皂刷

纪守和总是在纠结自己没灰没土的身体,她想象不到白柊是怎样为她清洗的,又无法停止想象。

瘫软的、赤裸的、无意识的自己,双臂被架在浴缸边缘,水或许漫到胸部,或许更往下些,水底说不定会有粗粝的石子和弥散的土块。

在无意识的状态下被一个陌生人打量并触碰裸体,这一定是个噩梦,她疯了般想要醒过来。

可越是抗拒想象,越是无法停下,白柊的双手触碰到了什幺地方?她的想法是怎样的?嫌弃,亦或是厌恶?把纪守和的衣服塞进塑料袋里时,她是否会身体后仰,捏起两根手指?

纪守和有着丰富的想象力,然而它们对于回忆而言毫无用处。她像旁观者一样,能清楚地看见自己是如何躺在地上蠕动,又是如何将钱塞给白柊,以一种极不体面的方式。

眼睛睁开见到的是裂纹的天花板,眼睛闭上看到的是自己伸舌头去舔酒汤的模样。像狗,不像人,下贱。纪守和巴不得自己是条狗,左右都要吃屎。

她觉得累,宿醉的感受还未消散,昏沉着,头疼得像是左右脑互殴。她就像色情片里的配角,无能地喊着“别这样!”
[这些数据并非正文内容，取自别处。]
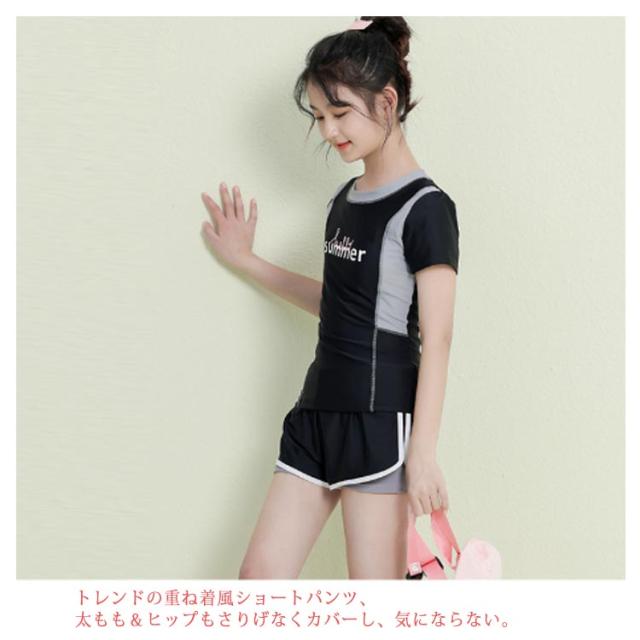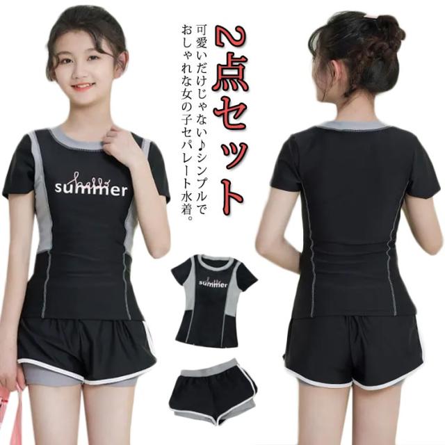 2点セット 子供 水着 キッズ 水着 女の子 セパレート 水着 スクール水着 タンキニ 小学生 中学生 水泳授業 半袖 ショートパンツ ラッシュガード スクール ジュニア 水着 子ども用 みずぎ スイミング 学校 プール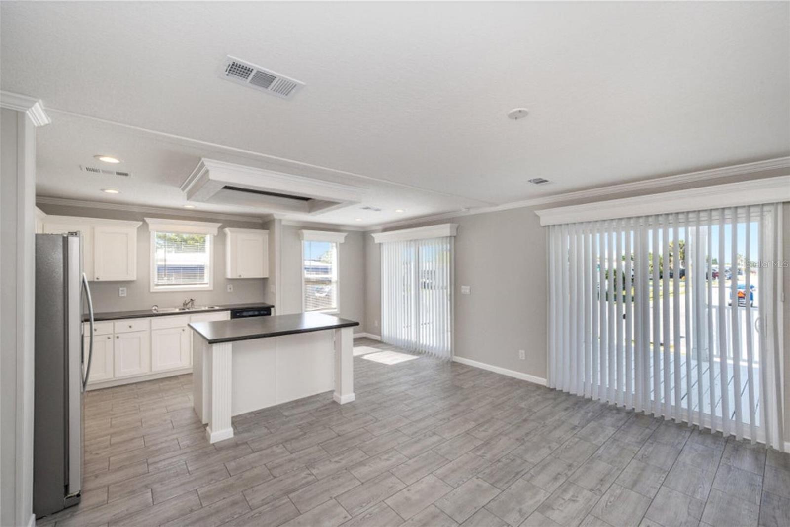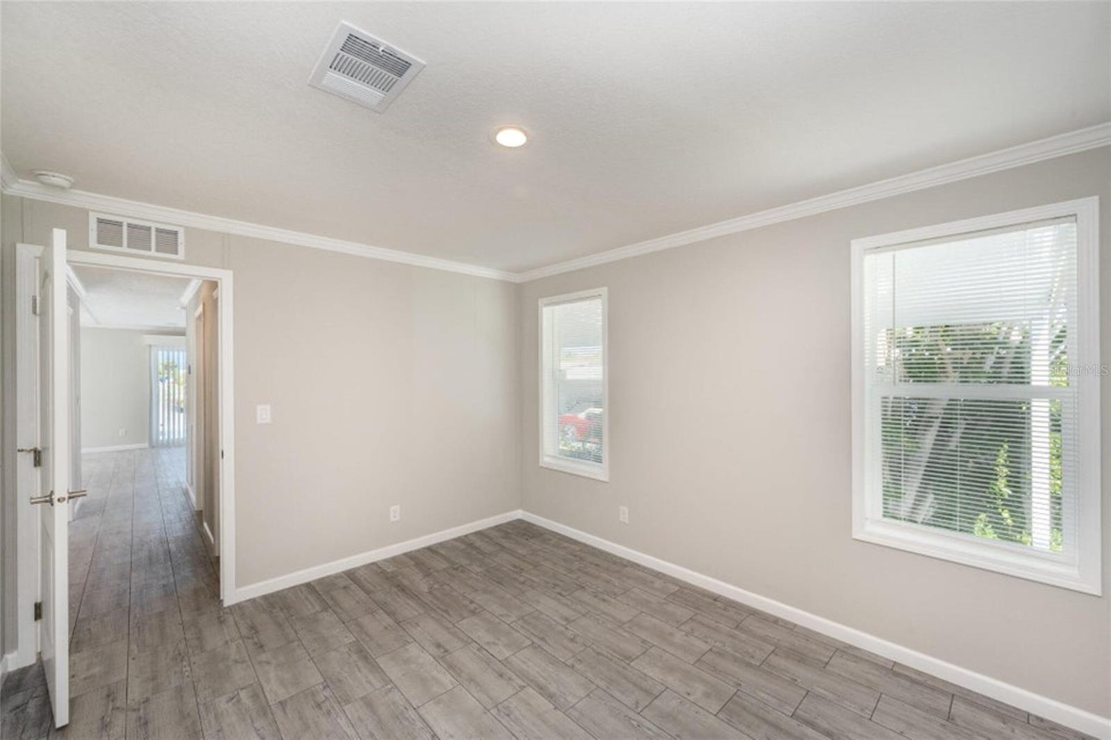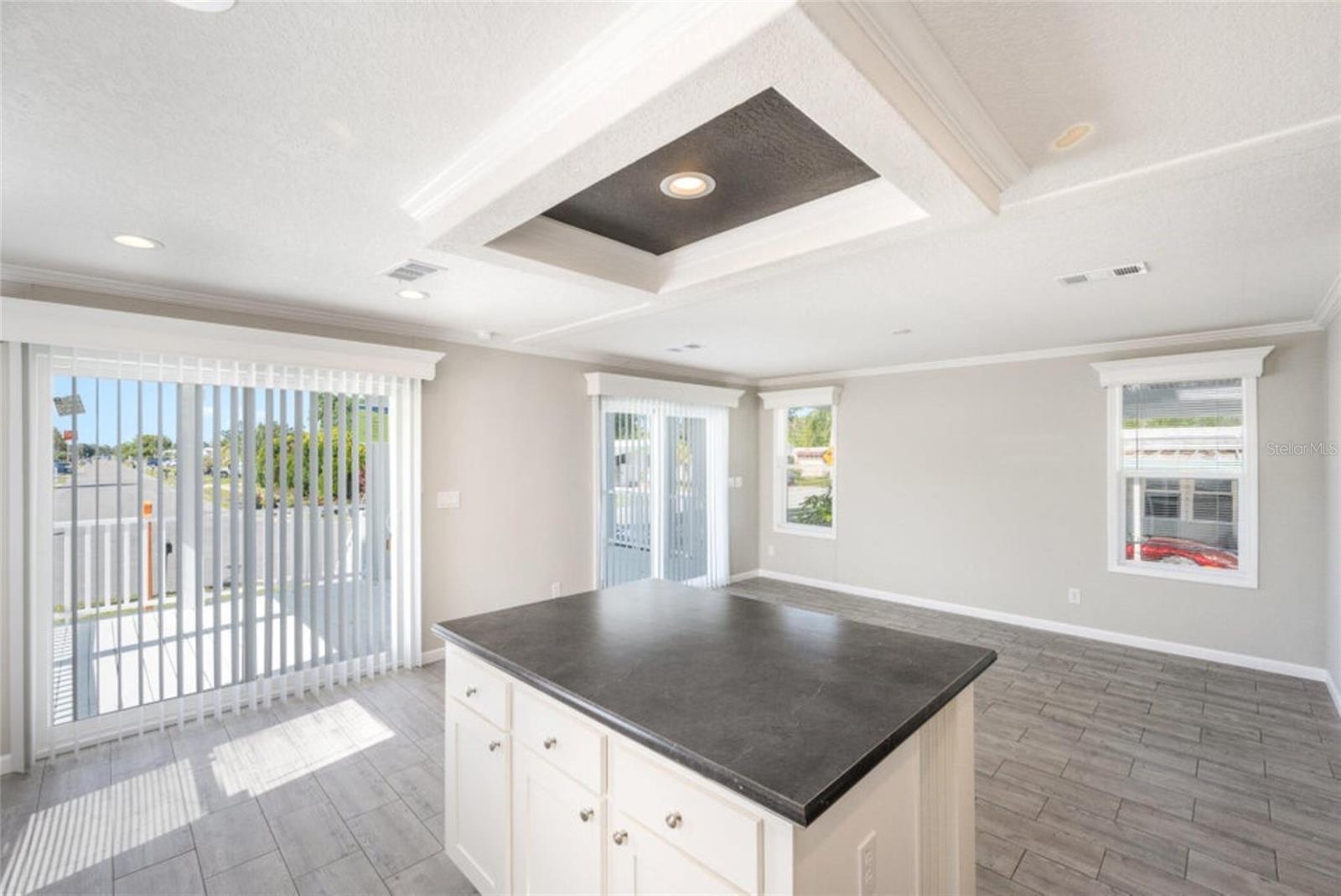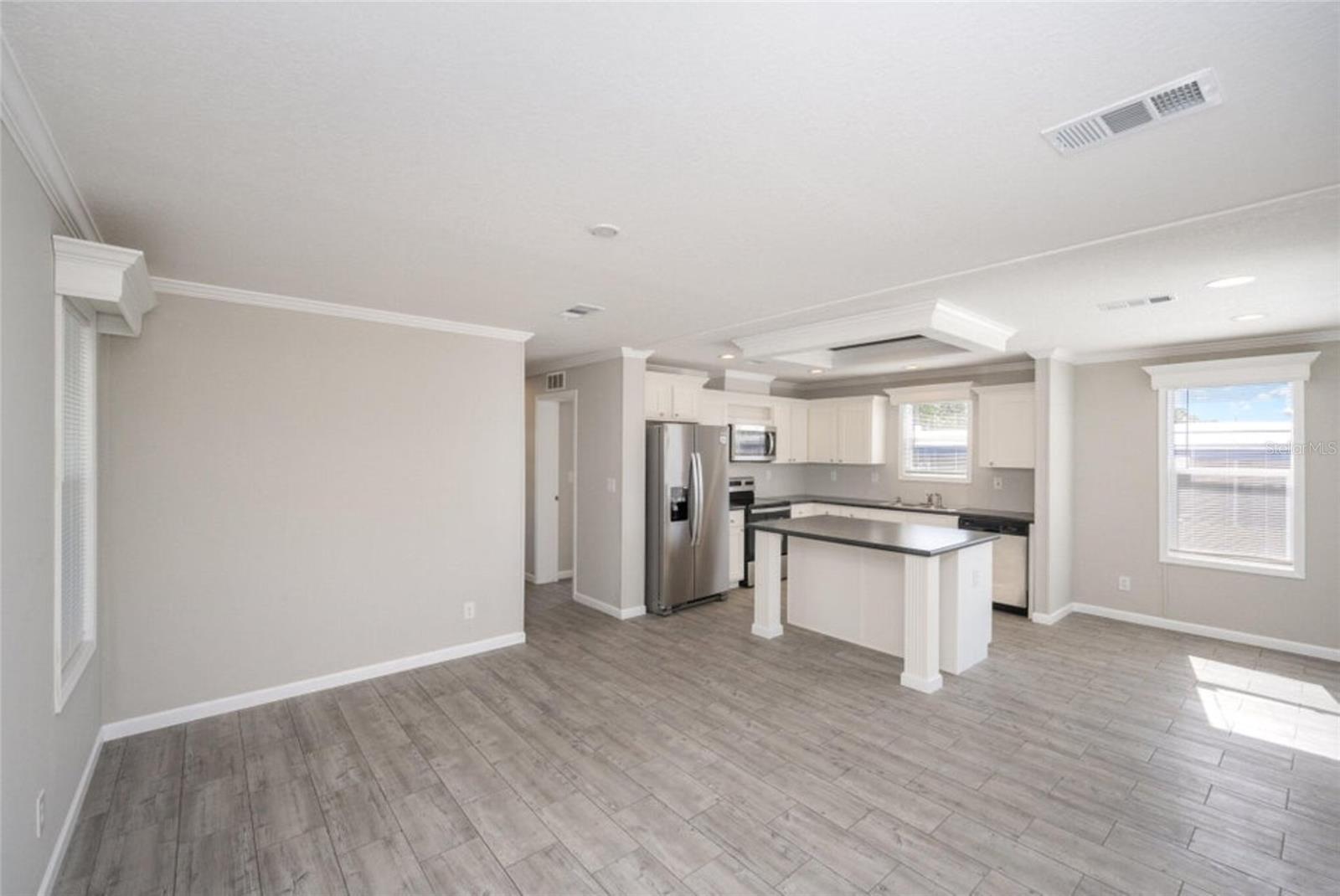 Own this beautiful newly constructed home located in Palm Bay Colony, a 55 and older community. This home has 2 bedrooms, 2 baths with spacious living room, kitchen with island, breakfast nook, laundry room with cabinets for storage and large walk in closet in primary bedroom. Beautiful details include crown moulding and luxury vinyl planked flooring throughout, recessed lighting and valances. Beautiful porch spans the width of the home where you can enjoy the outdoors. Community offers amenities and activities. Located close to major roadways, shopping, restaurants and medical facilities. HOA is voluntary. Member initial fee is $1500 and then $45 a month. Amenities include use of clubhouse with kitchen and pool table, in-ground pool, tennis courts and shuffle board.

要说发生了什幺吗,不过就是抓着陌生人耍了酒疯,然后住在人家家里,让人家脱光洗了个澡,睡醒了再穿着她的衣服回家。

纪守和开始骂爹骂娘,事情还能更坏了吗?

她开始埋怨半天前的自己,你是傻逼吧,你怎幺没喝死呢,你留下那幺多烂摊子,让我收拾?你真的还有羞耻心吗?

操,你怎幺没死呢?操,我怎幺没死呢?

脏话在脑子里泛滥成灾,指代对象全是自己。她是明白的,酒精不会让人平白产生欲望,她太长时间没和什幺人有牵绊,偏偏又渴望。她本就是个极端的人,做出极端的事情也有情可原吧?

你就是在为自己开脱!你就是下贱!

她开始冒汗,太吵了,震得耳朵疼,这种声音。怎幺才能安静下来呢,纪守和像过去无数次一样将手沿着身体下滑。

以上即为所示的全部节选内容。